Restate each entry below exactly; pictures stay out of the copy.
——————————
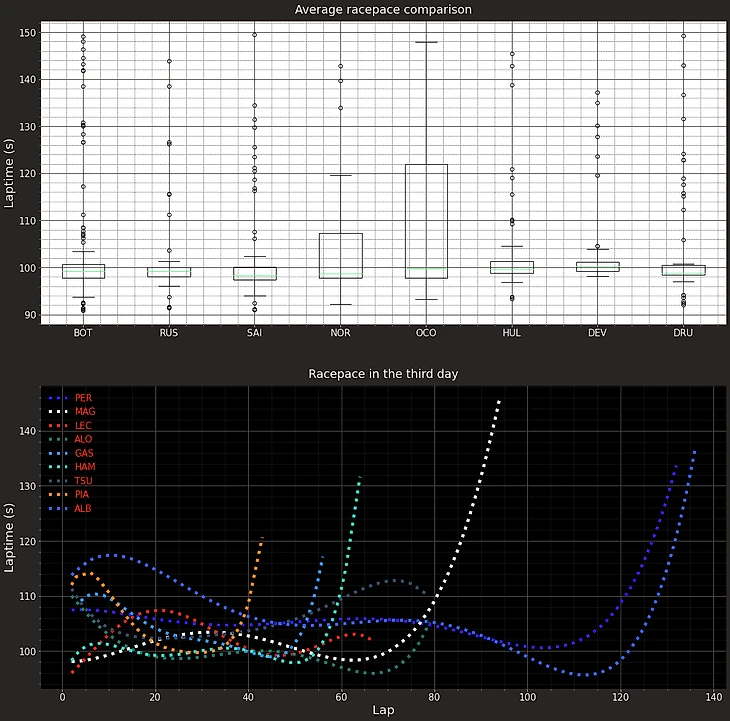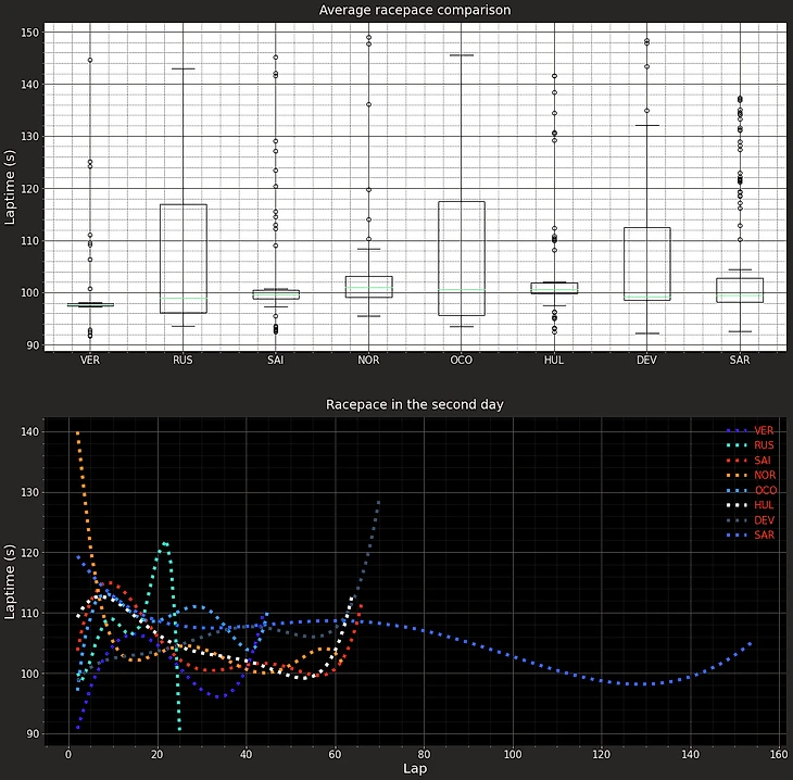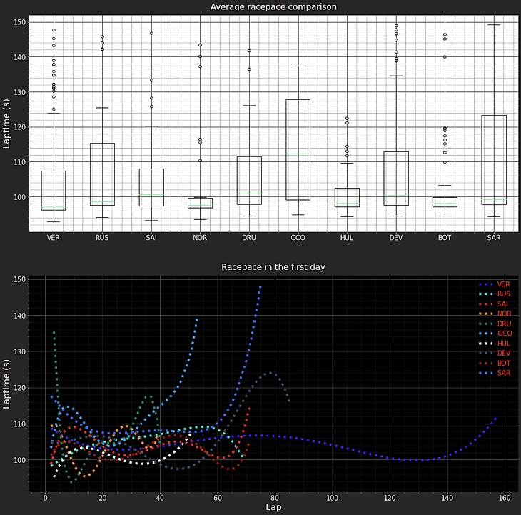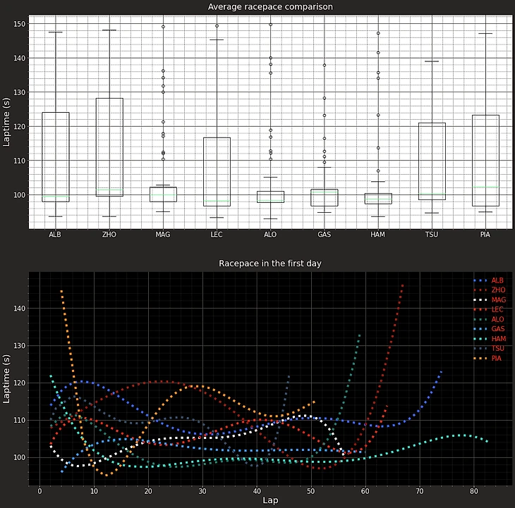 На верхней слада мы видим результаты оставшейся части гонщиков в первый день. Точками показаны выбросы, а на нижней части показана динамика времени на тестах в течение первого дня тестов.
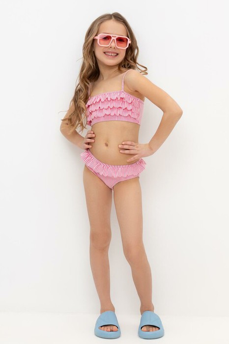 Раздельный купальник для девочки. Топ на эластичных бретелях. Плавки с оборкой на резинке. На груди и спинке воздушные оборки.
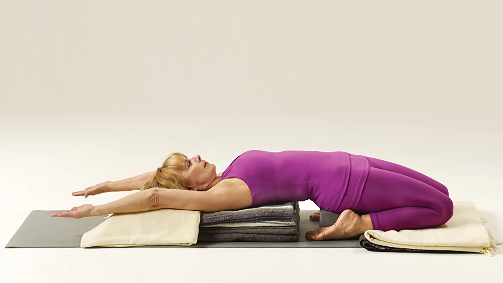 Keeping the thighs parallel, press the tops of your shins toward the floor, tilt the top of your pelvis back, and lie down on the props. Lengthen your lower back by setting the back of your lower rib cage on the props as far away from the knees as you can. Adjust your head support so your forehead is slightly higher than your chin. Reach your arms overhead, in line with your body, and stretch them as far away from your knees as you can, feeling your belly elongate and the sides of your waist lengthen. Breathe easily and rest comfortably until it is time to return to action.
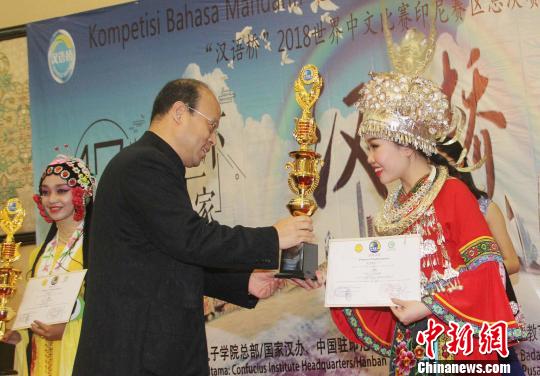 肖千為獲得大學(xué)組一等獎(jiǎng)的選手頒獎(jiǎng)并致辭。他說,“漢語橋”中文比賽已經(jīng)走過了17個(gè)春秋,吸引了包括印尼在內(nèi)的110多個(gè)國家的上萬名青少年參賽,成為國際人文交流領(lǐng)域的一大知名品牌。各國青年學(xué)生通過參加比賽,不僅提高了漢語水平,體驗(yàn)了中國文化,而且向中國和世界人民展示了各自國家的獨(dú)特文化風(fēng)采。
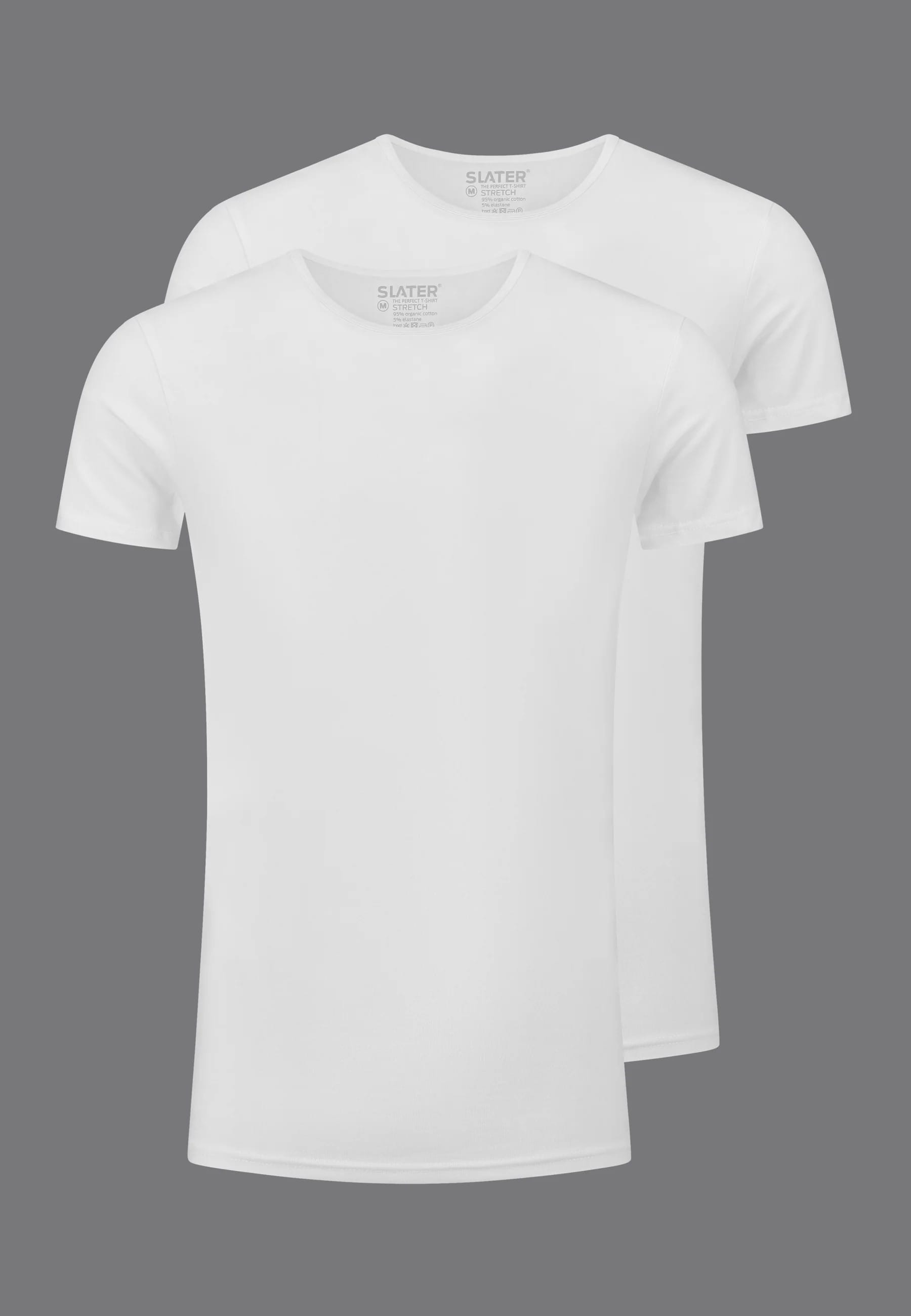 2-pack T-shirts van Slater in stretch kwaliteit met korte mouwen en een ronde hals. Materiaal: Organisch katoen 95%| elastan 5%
——————————
Expected output -
 На верхней слада мы видим результаты оставшейся части гонщиков в первый день. Точками показаны выбросы, а на нижней части показана динамика времени на тестах в течение первого дня тестов.
 Раздельный купальник для девочки. Топ на эластичных бретелях. Плавки с оборкой на резинке. На груди и спинке воздушные оборки.
 Keeping the thighs parallel, press the tops of your shins toward the floor, tilt the top of your pelvis back, and lie down on the props. Lengthen your lower back by setting the back of your lower rib cage on the props as far away from the knees as you can. Adjust your head support so your forehead is slightly higher than your chin. Reach your arms overhead, in line with your body, and stretch them as far away from your knees as you can, feeling your belly elongate and the sides of your waist lengthen. Breathe easily and rest comfortably until it is time to return to action.
 肖千為獲得大學(xué)組一等獎(jiǎng)的選手頒獎(jiǎng)并致辭。他說,“漢語橋”中文比賽已經(jīng)走過了17個(gè)春秋,吸引了包括印尼在內(nèi)的110多個(gè)國家的上萬名青少年參賽,成為國際人文交流領(lǐng)域的一大知名品牌。各國青年學(xué)生通過參加比賽,不僅提高了漢語水平,體驗(yàn)了中國文化,而且向中國和世界人民展示了各自國家的獨(dú)特文化風(fēng)采。
 2-pack T-shirts van Slater in stretch kwaliteit met korte mouwen en een ronde hals. Materiaal: Organisch katoen 95%| elastan 5%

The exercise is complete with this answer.